● **Collected data entries**:
• • • • • • •

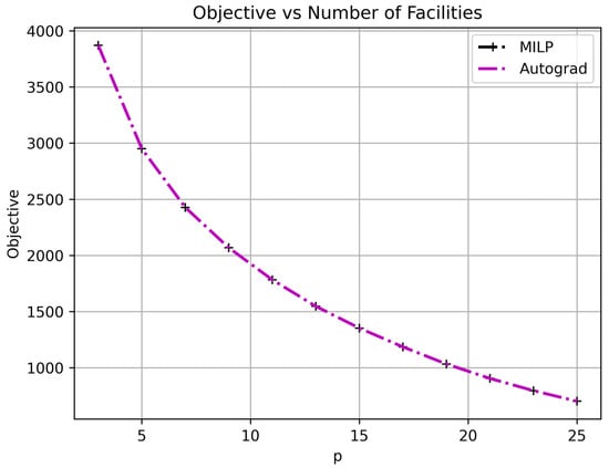 Figure 5 presents the optimal objective values for various values, as reported by the Lagrangian algorithm (autograd version) and the MILP solver, respectively. The value of  ranged from 3 to 25 at a step size of two. First of all, we can observe that the objective curves for the Lagrangian algorithm and the MILP model coincide. This indicates that, for each value of , the Lagrangian algorithm found the correct optimal solution.
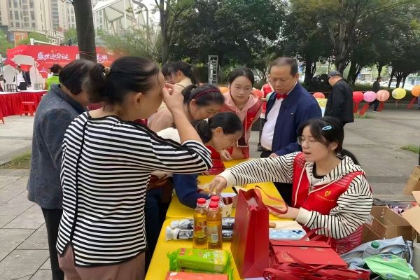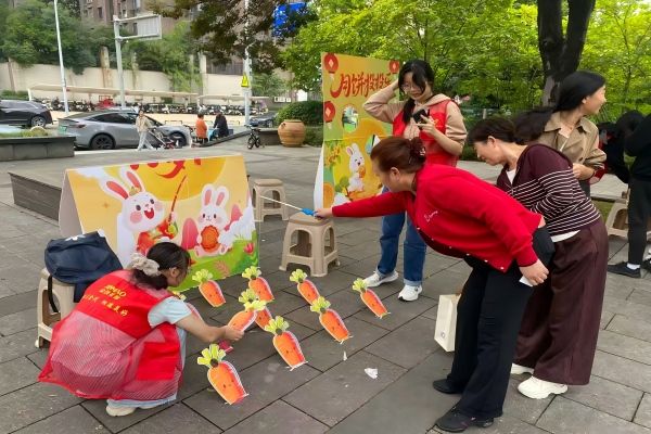 活动伊始,志愿者们领取服务工具和道具,提前规划各活动区域,协助社区工作人员完成活动现场搭建与布置工作。一组志愿者在工作人员的指导下,负责看守十个便民服务摊位,为社区居民提供服务,并维护庆典现场秩序。另一组志愿者驻守社区游园会的游戏摊位,组织居民参与趣味游戏,如“欢乐猜灯谜”、“月饼投投乐”和“知识飞花令”等,以轻松的形式助力社区双节庆祝。此外,部分志愿者协助社区人员筹备活动现场物料,对活动区域进行巡视,详细记录居民提出的建议与需求。志愿者们以热情贴心的服务态度,展现了新时代青年的责任与担当,赢得了社区居民们的一致好评。
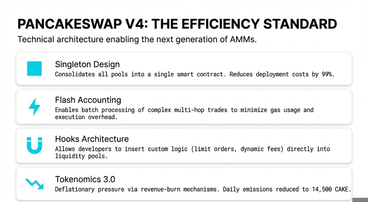 PancakeSwap V4 führte eine revolutionäre Architektur mit hook-basierter Anpassung ein, die es Entwicklern ermöglichte, benutzerdefinierte Gebührenstrukturen, Limitaufträge und Preisstabilitätsmechanismen zu implementieren. Das Singleton-Design konsolidierte alle Pools in einen einzigen Vertrag, reduzierte die Bereitstellungskosten um 99 % und ermöglichte ein kapitaleffizientes Liquiditätsmanagement. Flash-Buchhaltung ermöglichte die Batch-Verarbeitung komplexer Multi-Hop-Handelsgeschäfte, verbesserte die Ausführungsgeschwindigkeit und senkte die Gaskosten.
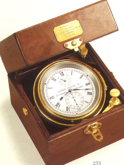 Thomas Mercer, Ltd. London, N°9851, circa 1950. Fine mahogany two-day marine chro-nometer with winding indicator.
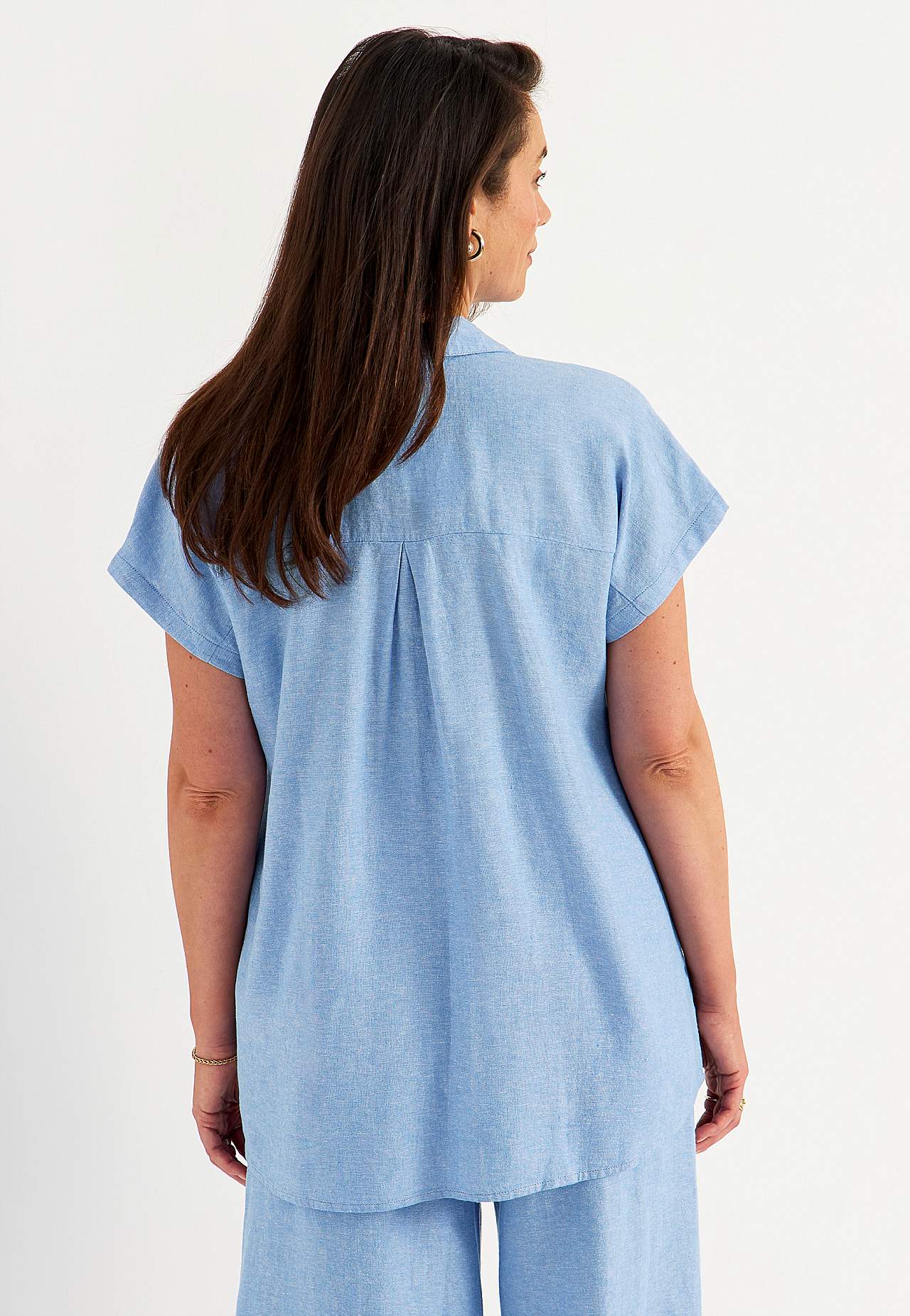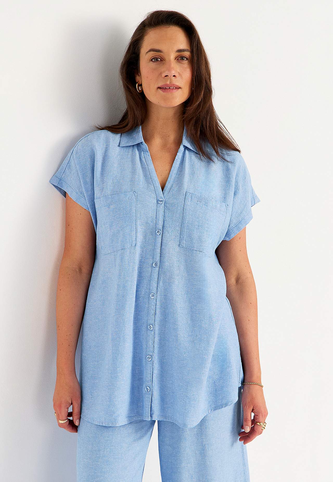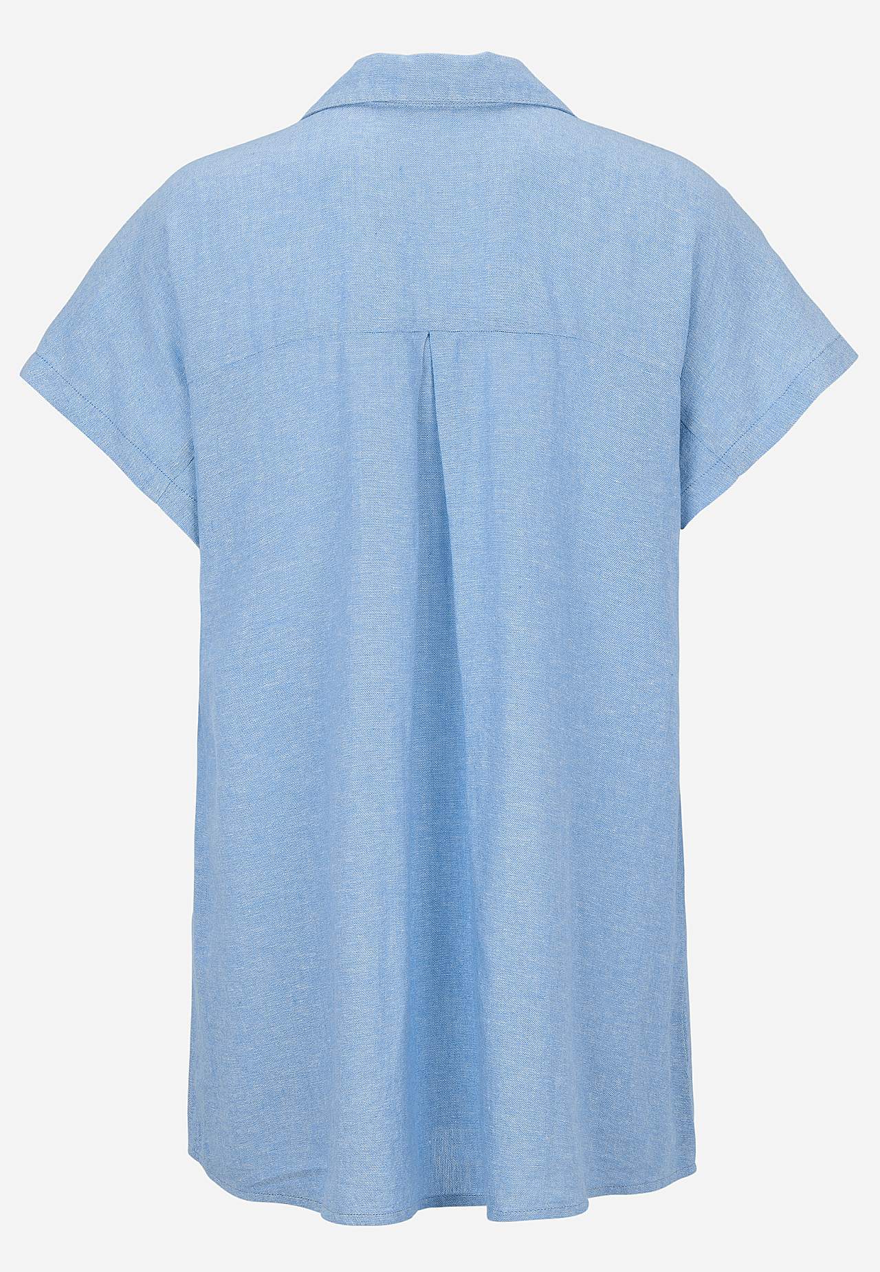 Tkana długa koszula z przewiewnego mieszanki lnu i wiskozy. Miękki i nieco grubszy materiał z naturalną strukturą. Swobodny fason. Kieszenie na piersi. Karczek z tyłu z dekoracyjną zakładką. Zaokrąglony brzeg. Długość od ramion w zależności od rozmiaru ok. 77-84 cm.

• • • • • • •

● **What the task requires**: Retype the lines exactly. Begin at the one that holds "PancakeSwap V4 führte", stop at the last line of the entries above, and drop the pictures.

● **Written solution**:
 PancakeSwap V4 führte eine revolutionäre Architektur mit hook-basierter Anpassung ein, die es Entwicklern ermöglichte, benutzerdefinierte Gebührenstrukturen, Limitaufträge und Preisstabilitätsmechanismen zu implementieren. Das Singleton-Design konsolidierte alle Pools in einen einzigen Vertrag, reduzierte die Bereitstellungskosten um 99 % und ermöglichte ein kapitaleffizientes Liquiditätsmanagement. Flash-Buchhaltung ermöglichte die Batch-Verarbeitung komplexer Multi-Hop-Handelsgeschäfte, verbesserte die Ausführungsgeschwindigkeit und senkte die Gaskosten.
 Thomas Mercer, Ltd. London, N°9851, circa 1950. Fine mahogany two-day marine chro-nometer with winding indicator.
 Tkana długa koszula z przewiewnego mieszanki lnu i wiskozy. Miękki i nieco grubszy materiał z naturalną strukturą. Swobodny fason. Kieszenie na piersi. Karczek z tyłu z dekoracyjną zakładką. Zaokrąglony brzeg. Długość od ramion w zależności od rozmiaru ok. 77-84 cm.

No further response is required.